Type of Document Master's Thesis Author Kulkarni, Madhav Mukund Author's Email Address email@example.com URN etd-0709103-175151 Title Immiscible and Miscible Gas-Oil Displacements in Porous Media Degree Master of Science in Petroleum Engineering (M.S.P.E.) Department Petroleum Engineering Advisory Committee
Advisor Name Title Dandina N. Rao Committee Chair Julius P. Langlinais Committee Member William Blanford Committee Member Keywords
- brine composition
- tertiary gas injection
- gas injection
- core length
- mobility control
Date of Defense 2003-07-09 Availability unrestricted AbstractGas Injection is the second largest EOR process in U.S. To increase the extent of the reservoir contacted by displacing fluids, gas and water are injected intermittently - water-alternating-gas (WAG) process, is widely practiced.
This experimental study is aimed at evaluating the WAG process performance in short and long cores as a function of gas-oil miscibility and brine composition. This performance evaluation has been carried out by comparing oil recoveries between WAG injection and continuous gas injection (CGI).
Miscible (2500 psi) and immiscible (500 psi) floods were conducted using Berea cores, n-Decane and two different brines, namely the commonly used 5% NaCl solution and another the multicomponent brine from the West Texas Yates reservoir. Each of the ten corefloods consisted of series of steps including brine saturation, absolute permeability determination, flooding with oil (drainage) to initial oil saturation, flooding with brine (imbibition) to residual oil saturation, and finally, tertiary gas injection to recover the waterflood residual oil.

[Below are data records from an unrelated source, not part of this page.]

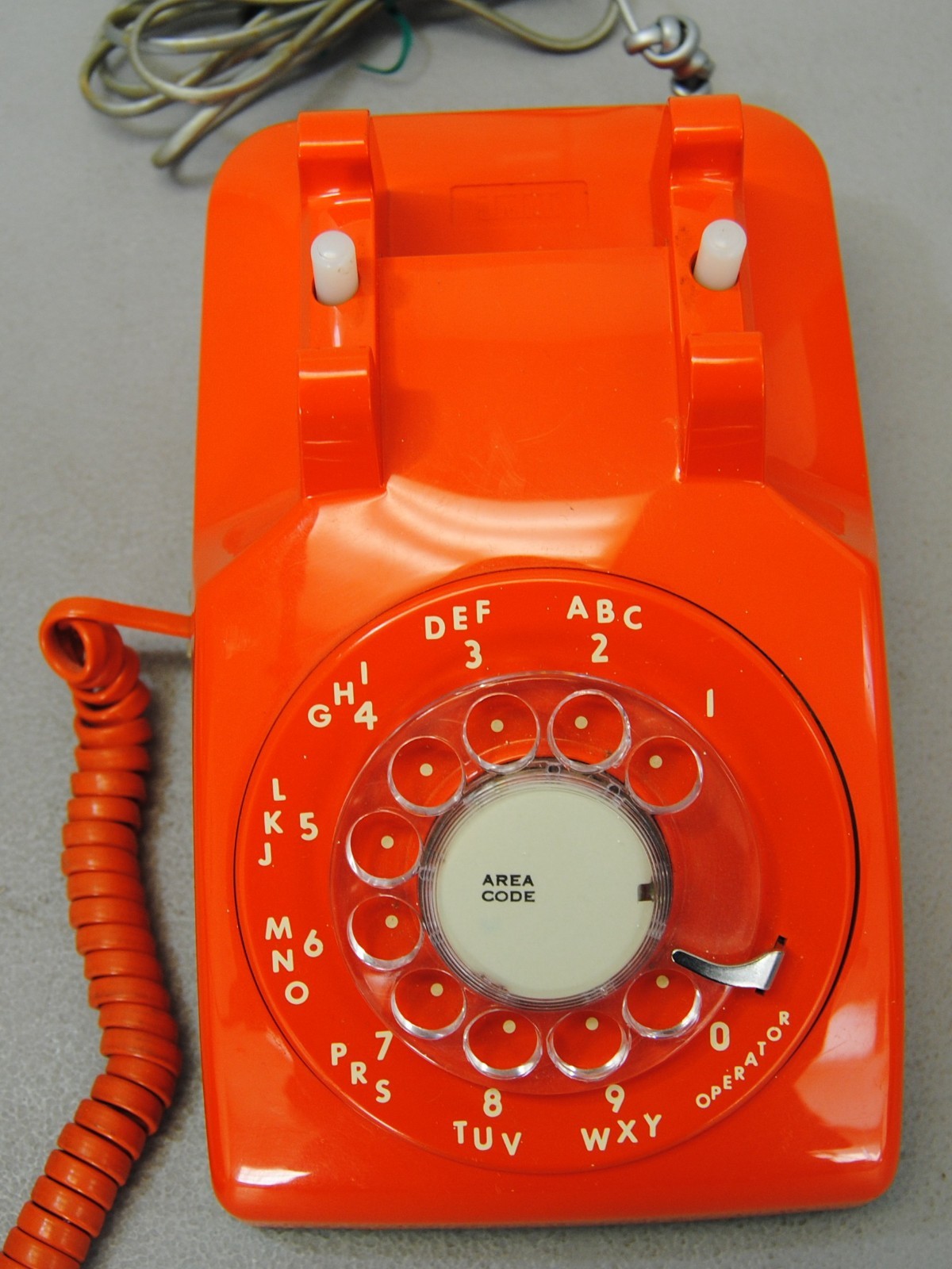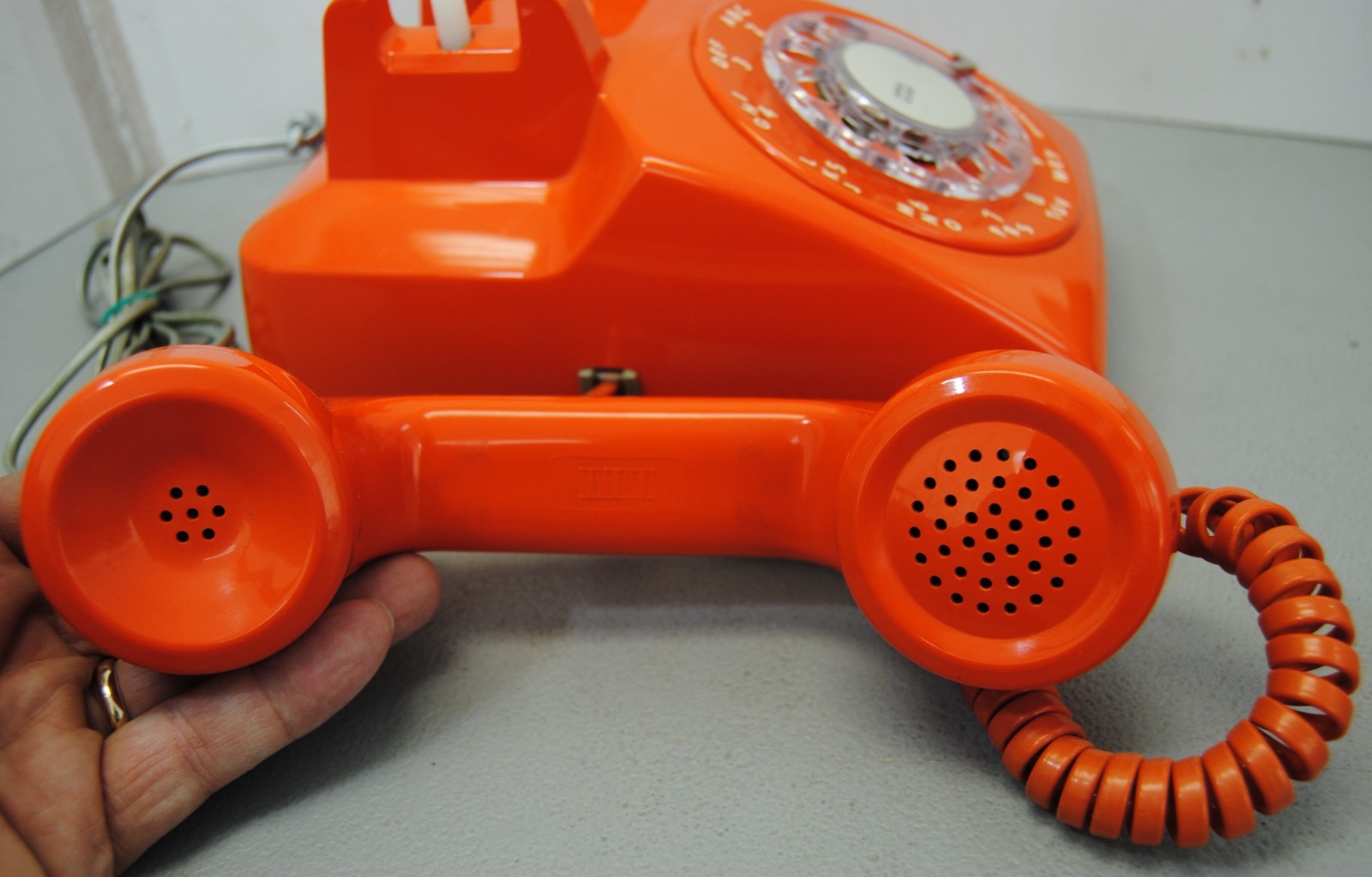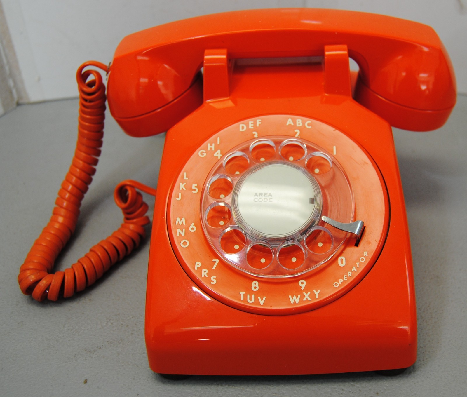 • 1986 ITT Orange Rotary Desk Phone Telephone Model 500. Very Nice Shape
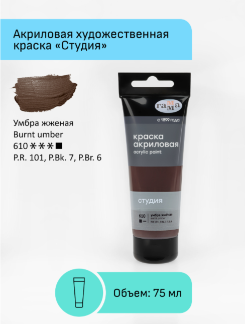 Краска акриловая художественная Гамма "Студия", 75мл, пластиковая туба, умбра жженая
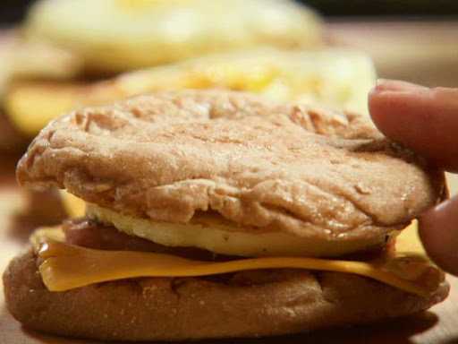 Lay out the muffins in a row with the bottoms down and the tops ready to go on. Lay a slice of cheese on each. Lay a slice of ham on each. Lay an egg on each. Put the tops on. Immediately wrap them in a foil bag to lock in the heat.
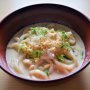 続いてバター、黒ごま、わさび、ホタテ缶を缶汁ごと加えて全体を混ぜる。塩で味を調整して器に盛り、刻んだくるみと刻みネギを散らす。
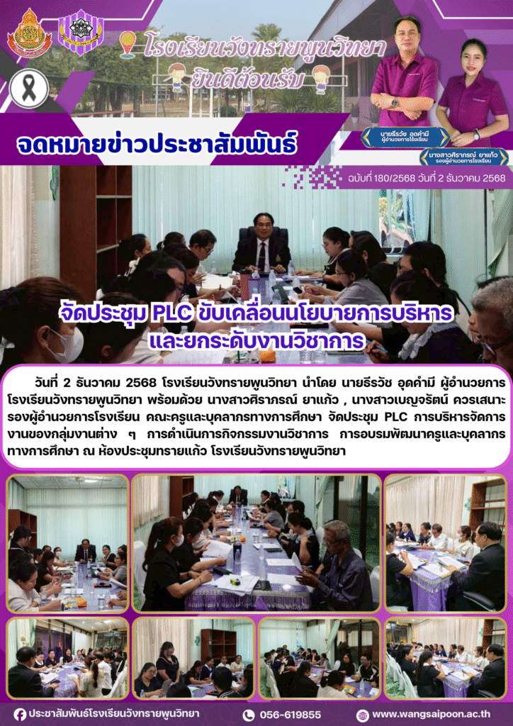 จัดประชุม PLC ขับเคลื่อนนโยบายการบริหารและยกระดับงานวิชาการ
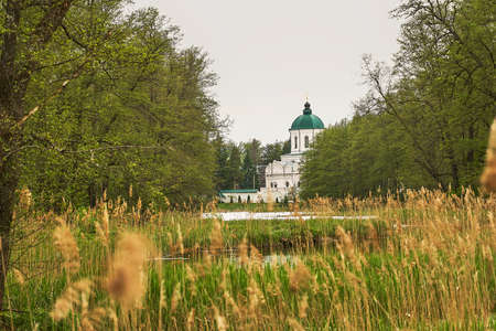 Beautiful landscape with the famous Church in Russia, Konstantinovo, the birthplace of Sergei Yesenin. Russian landmark. A horizontal frame.
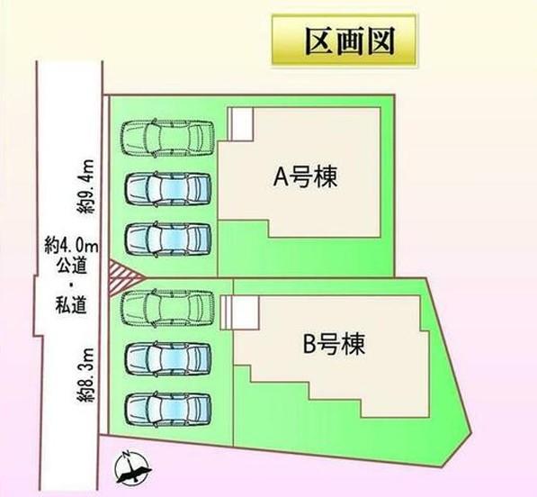 前面は、西側約4.0mの道路に接道しています。ゆとりがあり、落ち着いて駐車できます♪舗装されている道路なので、ベビーカー等で通っても安心ですね♪
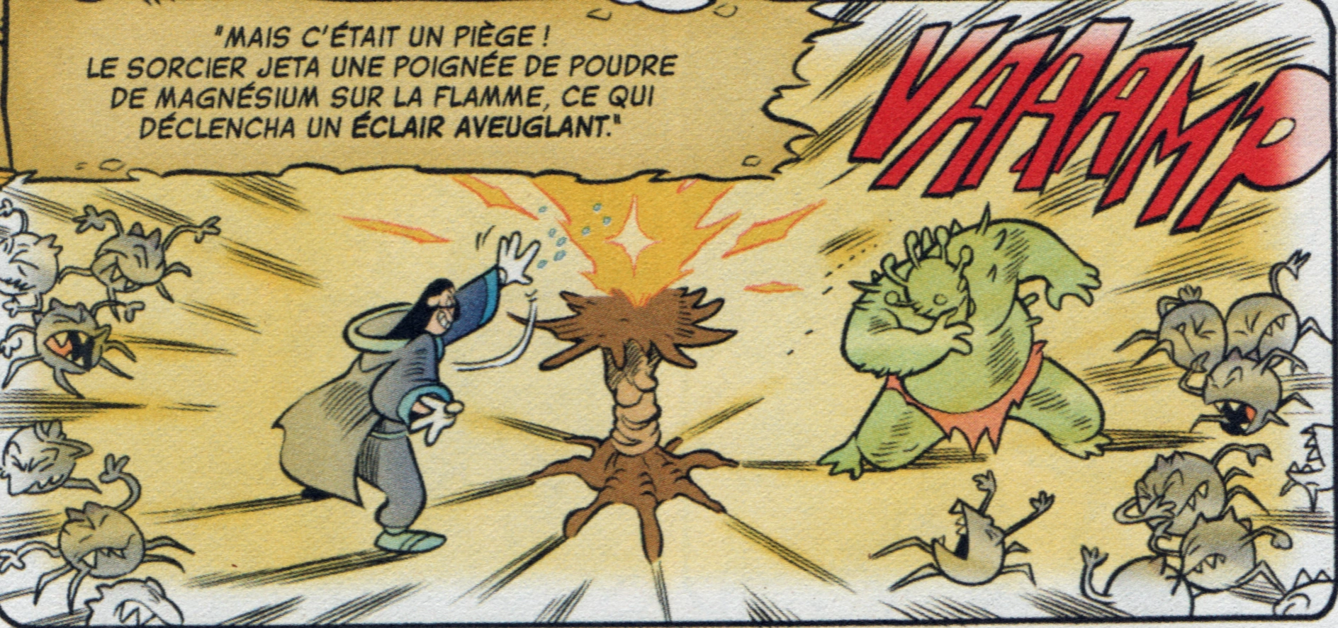 Le Seigneur des Mensonges trompant les Goulbads en jetant un éclair magique dans la flamme noire des brasiers de l'enfer.
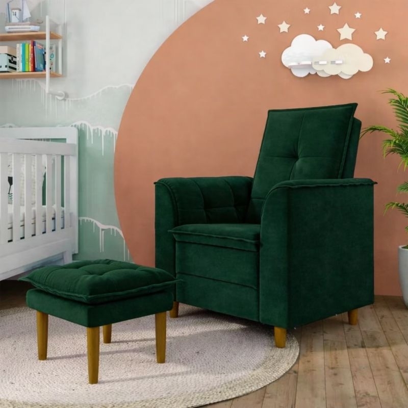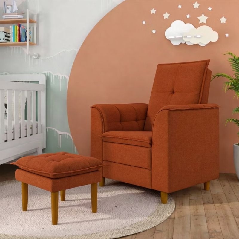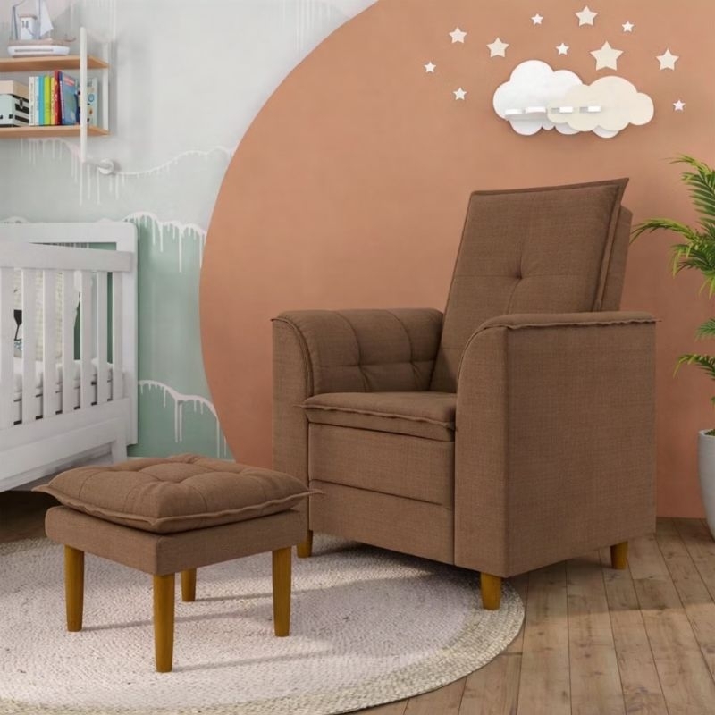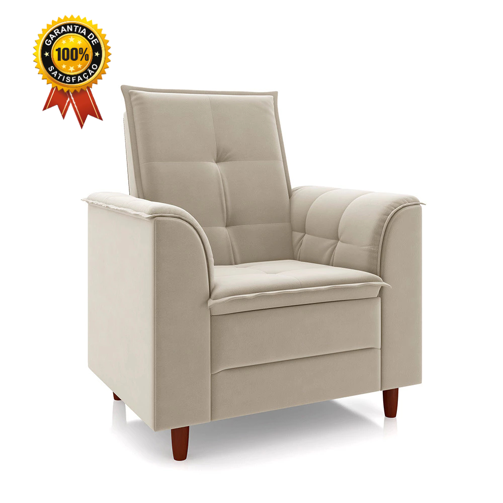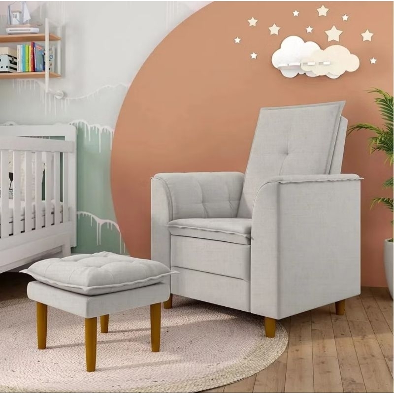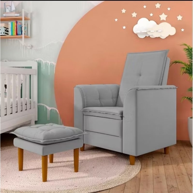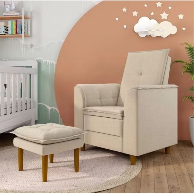 Poltrona Amamentação + Puff Suede Bege Envio Rápido
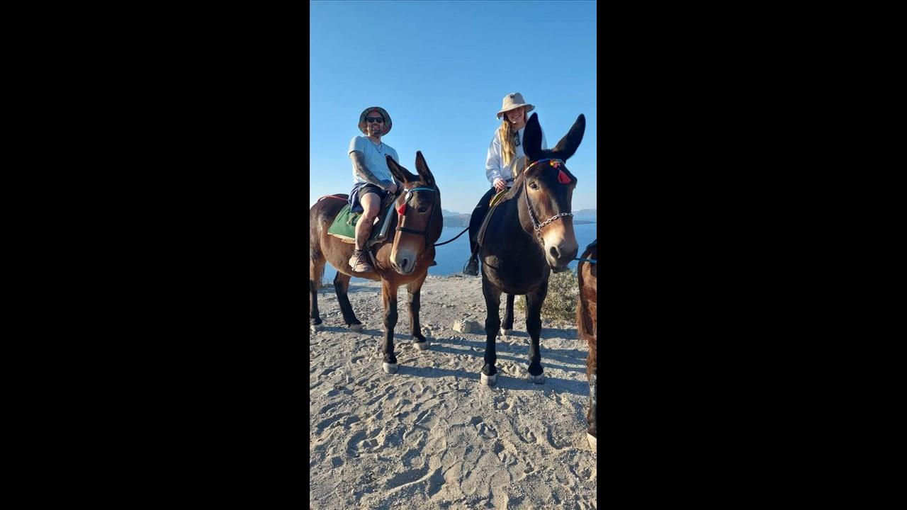 The riding trail will lead you to the stunning Caldera of Santorini! Follow the path and admire the astounding view of the Volcano on the opposite side and the Aegean Sea. The two volcanic islands of Palaia Kameni and Nea Kameni in the middle of the sea, as well as the panoramic view of the whole island, are unique spectacles that will leave you speechless! Get a different perspective of the Caldera villages from the south part of the island, marvel at the small white-colored houses on the top of the huge cliffs, and get ready to take the most amazing photos of your holidays on Santorini island!
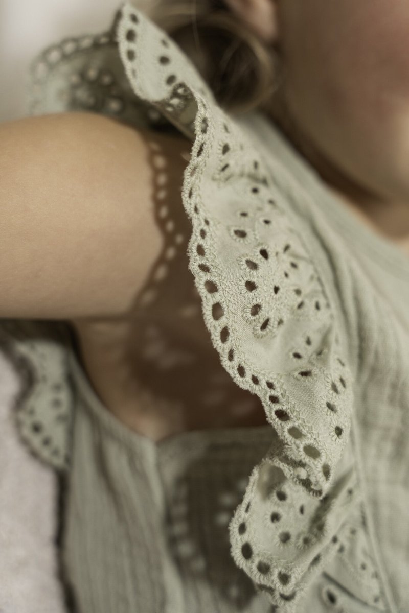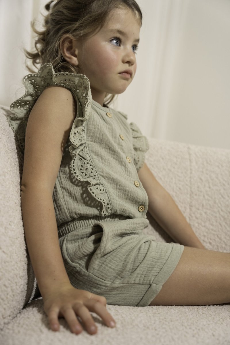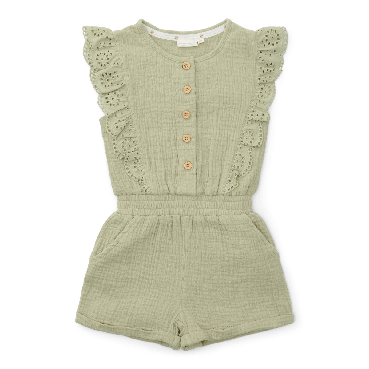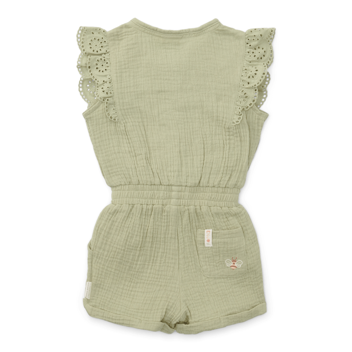 Denne muntre grønne muslin-jumpsuit af økologisk bomuld er dejlig blød og luftig at have på. Den elastiske linning gør jumpsuiten nem at tage af og på. Jumpsuiten er beriget med søde broderiflæser, et muntert broderi på baglommen og fine knapper i trælook.
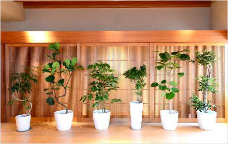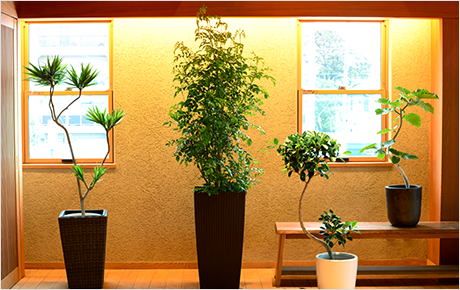 オフィスや商業施設、モデルルームで様々な樹種の中から設置条件やお客さまのご要望に合わせたグリーンをご提案し、メンテナンスまでいたします。経験・知識・技術が豊富なスタッフによるグリーンを生かした魅力的な空間づくりときめ細かなサービスが、これまでも多くのお客様にご評価いただいています。

It was found that comparing tertiary gas floods only on the basis of recovery yielded misleading conclusions. However, when oil recovery per unit volume of gas injection was used as a parameter to evaluate the floods, miscible gas floods were found more effective (recovery 60-70% higher) than immiscible floods. The WAG mode of injection out-performed the CGI floods. At increased gas volume injection, the performance of miscible CGI flood, inspite of the high injection pressure, approached the immiscible floods. A change in brine composition from 5% NaCl to 9.26% multivalent Yates reservoir brine showed a slight adverse effect on tertiary gas flood recovery due to increased solubility of CO2 in the latter. While immiscible WAG floods in short cores donot show appreciable improvement over CGI immiscible floods, WAG recovery was 31% higher than 6-ft CGI floods. The results of this study prompted a new process by combining CGI and WAG modes of gas injection. Such a process was found patented and practiced in the industry.
In addition to providing performance characteristics of the WAG process, this study has indicated directions for further research aimed at improving oil recovery from gas injection processes.